Миусов внушительно помолчал. Вся фигура его выразила собою необыкновенное собственное достоинство. Свысока-снисходительная улыбка показалась на его губах. Алеша следил за всем с сильно бьющимся сердцем. Весь этот разговор взволновал его до основания. Он случайно взглянул на Ракитина; тот стоял неподвижно на своем прежнем месте у двери, внимательно вслушиваясь и всматриваясь, хотя и опустив глаза. Но по оживленному румянцу на его щеках Алеша догадался, что и Ракитин взволнован, кажется, не меньше его; Алеша знал, чем он взволнован.

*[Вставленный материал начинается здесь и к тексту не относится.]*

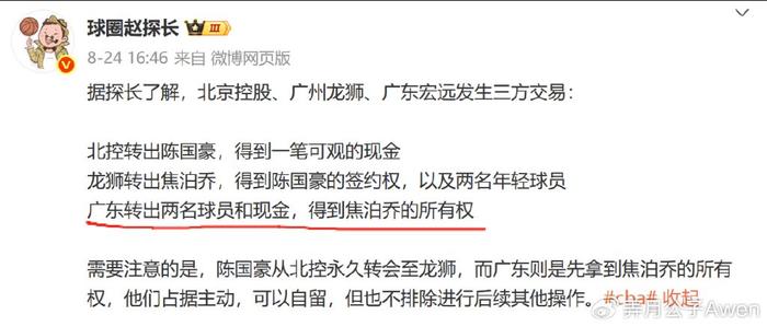 据媒体人球圈赵探长报道,北控、广州和广东发生三方交易,广东队转出两名球员和现金,得到焦泊乔的所有权。而据坊间消息,这两位球员很有可能就是青年队的彰华非和夏振峰。

— Позвольте мне сообщить вам один маленький анекдот, господа, — внушительно и с каким-то особенно осанистым видом проговорил вдруг Миусов. — В Париже, уже несколько лет тому, вскоре после декабрьского переворота{31}, мне пришлось однажды, делая по знакомству визит одному очень-очень важному и управляющему тогда лицу, повстречать у него одного прелюбопытнейшего господина. Был этот индивидуум не то что сыщиком, а вроде управляющего целою командой политических сыщиков, — в своем роде довольно влиятельная должность. Придравшись к случаю, я, из чрезвычайного любопытства, разговорился с ним; а так как принят был не по знакомству, а как подчиненный чиновник, пришедший с известного рода рапортом, то, видя, с своей стороны, как я принят у его начальника, он удостоил меня некоторою откровенностию, — ну, разумеется, в известной степени, то есть скорее был вежлив, чем откровенен, именно как французы умеют быть вежливыми, тем более что видел во мне иностранца. Но я его очень понял. Тема шла о социалистах-революционерах, которых тогда, между прочим, преследовали. Опуская главную суть разговора, приведу лишь одно любопытнейшее замечание, которое у этого господчика вдруг вырвалось: «Мы, — сказал он, — собственно этих всех социалистов — анархистов, безбожников и революционеров — не очень-то и опасаемся; мы за ними следим, и ходы их нам известны. Но есть из них, хотя и немного, несколько особенных людей: это в Бога верующие и христиане, а в то же время и социалисты. Вот этих-то мы больше всех опасаемся, это страшный народ! Социалист-христианин страшнее социалиста-безбожника». Слова эти и тогда меня поразили, но теперь у вас, господа, они мне как-то вдруг припомнились…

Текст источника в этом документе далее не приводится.